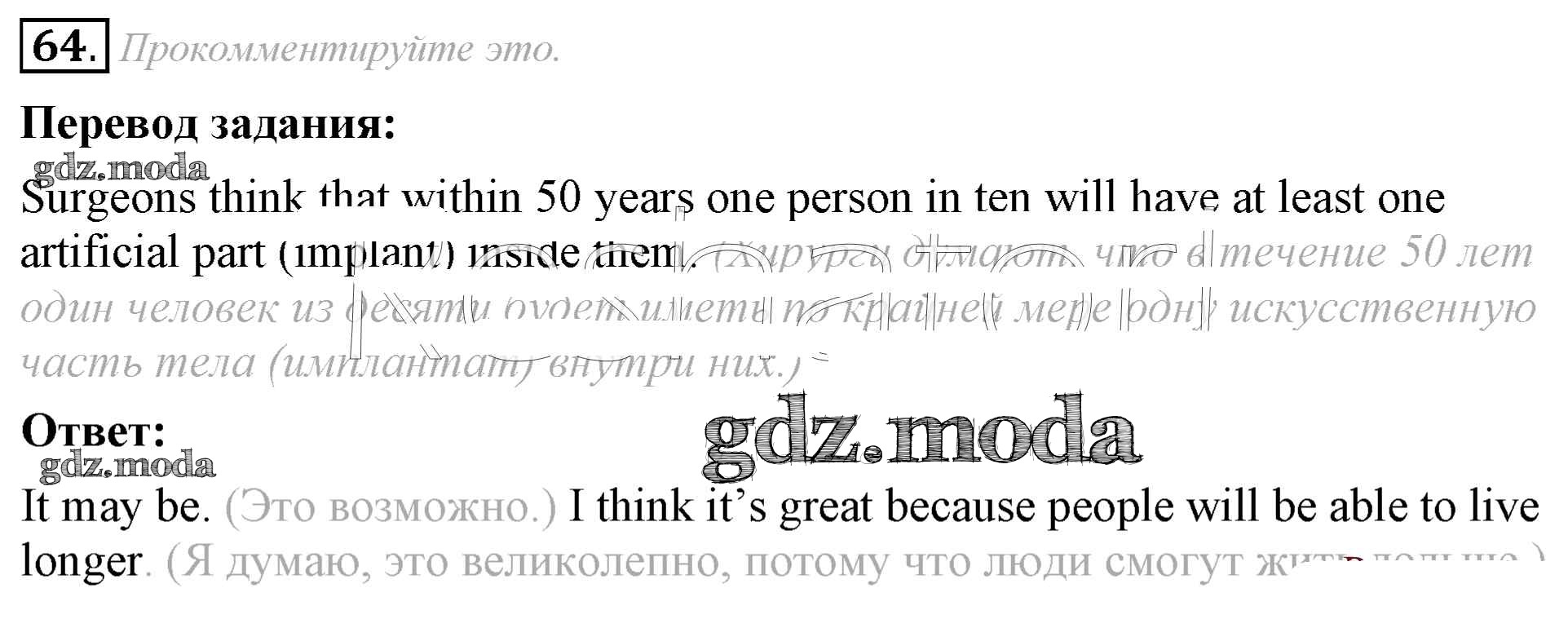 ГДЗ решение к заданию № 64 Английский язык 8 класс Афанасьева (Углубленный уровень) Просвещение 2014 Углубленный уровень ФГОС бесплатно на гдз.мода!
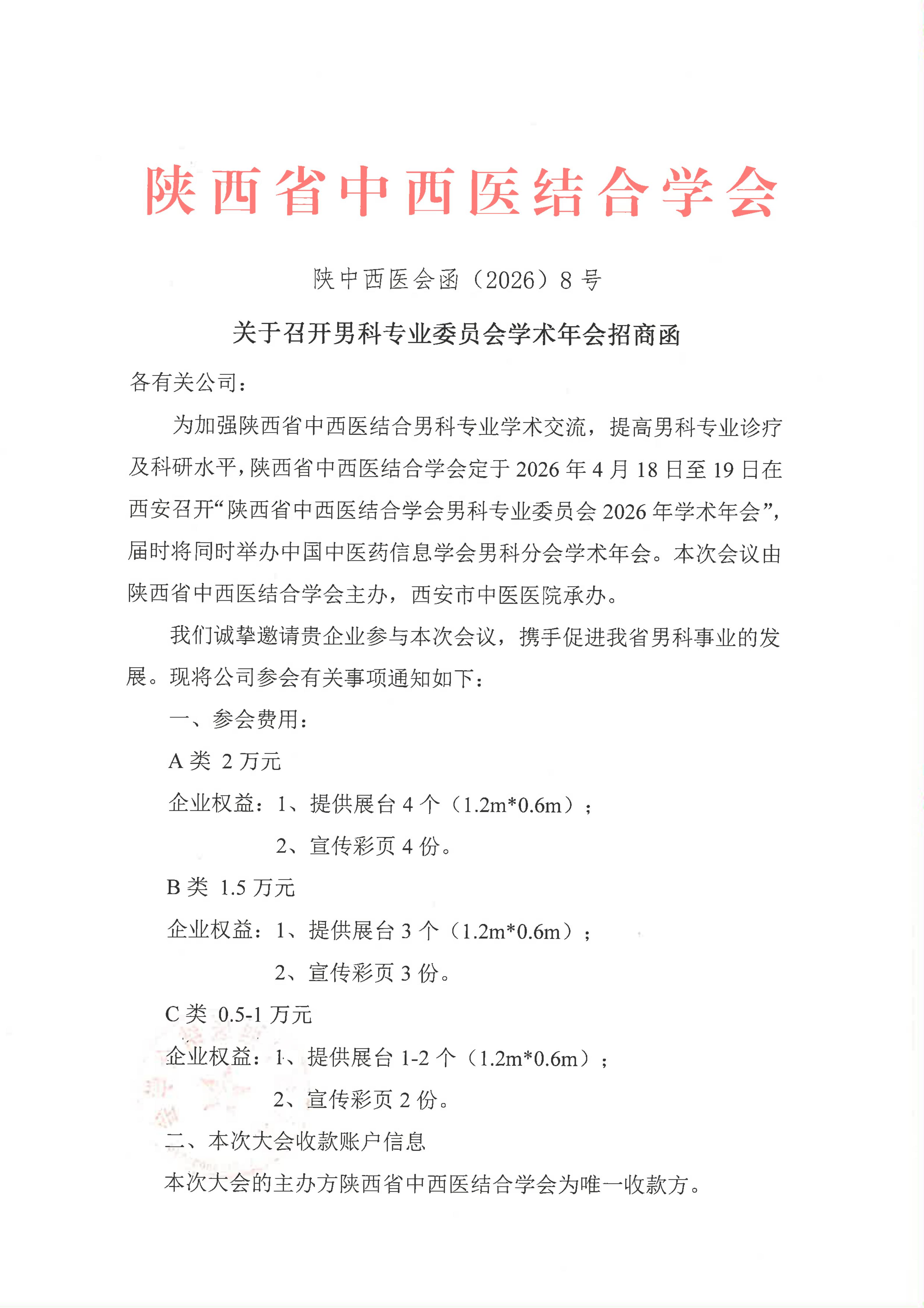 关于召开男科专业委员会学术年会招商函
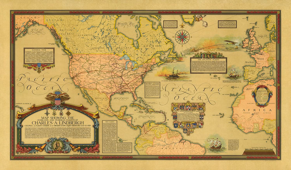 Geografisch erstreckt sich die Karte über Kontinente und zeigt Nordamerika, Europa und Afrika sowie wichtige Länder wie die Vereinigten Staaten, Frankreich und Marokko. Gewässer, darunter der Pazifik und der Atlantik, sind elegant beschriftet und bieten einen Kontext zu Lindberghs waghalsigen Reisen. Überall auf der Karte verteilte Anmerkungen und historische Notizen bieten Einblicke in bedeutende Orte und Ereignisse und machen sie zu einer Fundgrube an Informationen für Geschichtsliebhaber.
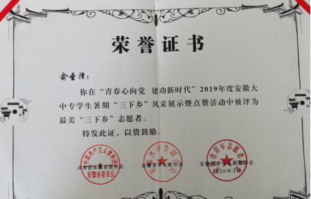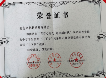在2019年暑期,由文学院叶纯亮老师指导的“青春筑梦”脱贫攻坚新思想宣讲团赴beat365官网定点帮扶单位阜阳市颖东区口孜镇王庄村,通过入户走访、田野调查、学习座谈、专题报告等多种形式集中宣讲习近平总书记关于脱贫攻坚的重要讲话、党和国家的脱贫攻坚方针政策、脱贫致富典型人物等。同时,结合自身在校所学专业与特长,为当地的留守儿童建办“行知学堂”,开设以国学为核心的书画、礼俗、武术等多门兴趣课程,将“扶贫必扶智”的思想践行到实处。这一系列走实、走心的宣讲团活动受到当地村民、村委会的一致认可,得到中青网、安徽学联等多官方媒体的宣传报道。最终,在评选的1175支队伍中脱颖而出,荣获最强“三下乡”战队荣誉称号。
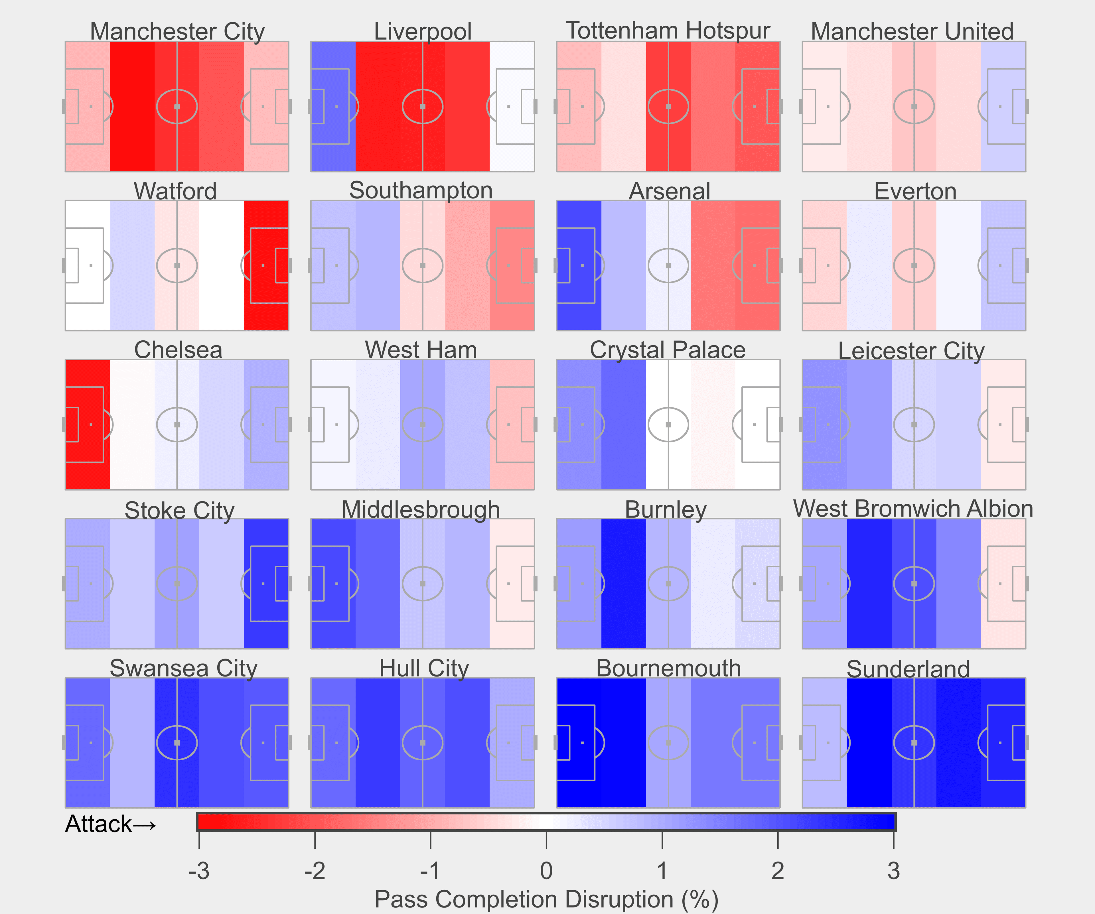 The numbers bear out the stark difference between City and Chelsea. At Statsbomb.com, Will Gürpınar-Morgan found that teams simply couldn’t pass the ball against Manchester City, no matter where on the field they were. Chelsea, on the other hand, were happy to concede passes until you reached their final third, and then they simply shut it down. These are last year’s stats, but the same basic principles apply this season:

> **TASK DIRECTIONS**: Copy out every entry above word for word; omit the images.

> **ANSWER SPACE**:
 ГДЗ решение к заданию № 64 Английский язык 8 класс Афанасьева (Углубленный уровень) Просвещение 2014 Углубленный уровень ФГОС бесплатно на гдз.мода!
 关于召开男科专业委员会学术年会招商函
 Geografisch erstreckt sich die Karte über Kontinente und zeigt Nordamerika, Europa und Afrika sowie wichtige Länder wie die Vereinigten Staaten, Frankreich und Marokko. Gewässer, darunter der Pazifik und der Atlantik, sind elegant beschriftet und bieten einen Kontext zu Lindberghs waghalsigen Reisen. Überall auf der Karte verteilte Anmerkungen und historische Notizen bieten Einblicke in bedeutende Orte und Ereignisse und machen sie zu einer Fundgrube an Informationen für Geschichtsliebhaber.
在2019年暑期,由文学院叶纯亮老师指导的“青春筑梦”脱贫攻坚新思想宣讲团赴beat365官网定点帮扶单位阜阳市颖东区口孜镇王庄村,通过入户走访、田野调查、学习座谈、专题报告等多种形式集中宣讲习近平总书记关于脱贫攻坚的重要讲话、党和国家的脱贫攻坚方针政策、脱贫致富典型人物等。同时,结合自身在校所学专业与特长,为当地的留守儿童建办“行知学堂”,开设以国学为核心的书画、礼俗、武术等多门兴趣课程,将“扶贫必扶智”的思想践行到实处。这一系列走实、走心的宣讲团活动受到当地村民、村委会的一致认可,得到中青网、安徽学联等多官方媒体的宣传报道。最终,在评选的1175支队伍中脱颖而出,荣获最强“三下乡”战队荣誉称号。
 The numbers bear out the stark difference between City and Chelsea. At Statsbomb.com, Will Gürpınar-Morgan found that teams simply couldn’t pass the ball against Manchester City, no matter where on the field they were. Chelsea, on the other hand, were happy to concede passes until you reached their final third, and then they simply shut it down. These are last year’s stats, but the same basic principles apply this season:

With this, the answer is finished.